Die 28-Jährige erklärte Gottschalk, wie das Influencerleben funktioniert. Dort gehe es nicht um sportliche oder künstlerische Spitzenleistungen, es würden ganz normale Dinge geteilt. David erklärte dem staunend zuhörenden Gottschalk, dass es den Zuschauern von Videoclips besser gehe, wenn auch der Influencer einen Pickel habe und dazu stehe. „Mein Pickel fällt mir jetzt viel leichter“, sagte Gottschalk nach der kleinen Lektion.

Weil Gottschalk sich zwischendurch immer mal wieder mit den Namen der Gäste verhaspelte und etwa aus Schweighöfer Matthias Schweinsteiger machte, ließ ihn Liefers „Schweinsteiger, Stappenbeck, Schweighöfer“ als Stabreim üben.

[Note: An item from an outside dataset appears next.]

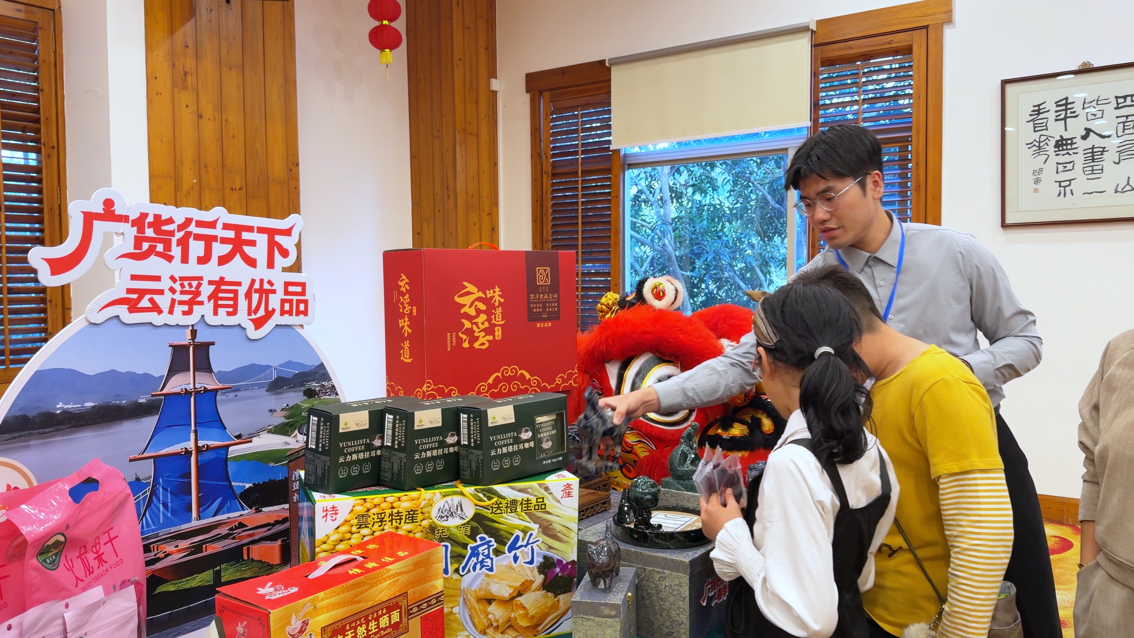下午18时的欢迎晚宴上,罗定鱼腐、广式盘菜、老火靓汤、黄皮鸭、粉葛蒸腊味、擂茶粥……一道道云浮味十足的粤菜得到客人们一致好评,大家围坐品尝美食,畅聊情谊。而大厅里摆放的云浮土特产:罗定鱼腐、托洞腐竹、无核黄皮系列产品、新兴凉果、银丝米粉、肉桂米粉引来更多关注,大家纷纷上前品尝。

Letzte Wettkönigin wurde Julia Reichert aus München, die bereits 2005 mit einer Kinderwette bei Gottschalk war. Reichert gewann mit einer Nostalgiewette, für die sie alle Wettkönige aus der Geschichte der Sendung mit deren Wetten in Barcodes umformte und diese Barcodes dann wieder erfolgreich mit dem richtigen Datum und Ort entschlüsselte. Sie konnte sich damit gegen eine Kandidatin durchsetzen, deren Hund englisch gesprochene Zahlen erkennen konnte und gegen einen Hühnerzüchter, der Hähne an ihrem „Kikeriki“-Ruf unterscheiden konnte.

Elstner: „Beste Zeit von Thomas Gottschalk“

Spektakulär war die Außenwette, bei der acht Männer des Schweizer Seilziehclubs Stans-Oberdorf die sieben Tonnen schwere Stanserhorn-Bahn zehn Meter bergauf zogen. Dieselbe Wette gab es bereits vor 30 Jahren – doch anders als die damaligen Schweizer Kandidaten schafften es diesmal die Männer.

Das größte Kompliment machte Gottschalk dem Erfinder von „Wetten, dass…?“ und ersten Moderator der Show, Frank Elstner, der im Publikum saß. „Ich muss ganz ehrlich sagen, ich hatte nicht das Gefühl, ich bin in einer letzten Sendung. Ich hatte das Gefühl, man hat mich zur besten Zeit von Thomas Gottschalk zu einer Sendung eingeladen“, sagte Elstner zu lange anhaltendem Applaus des Publikums.

Danach ließ Elstner einen Bagger mit Entertainer und Gottschalk-Freund Mike Krüger als Beifahrer in die Offenburger Baden-Arena fahren, mit dem Gottschalk aus der Halle gebracht wurde.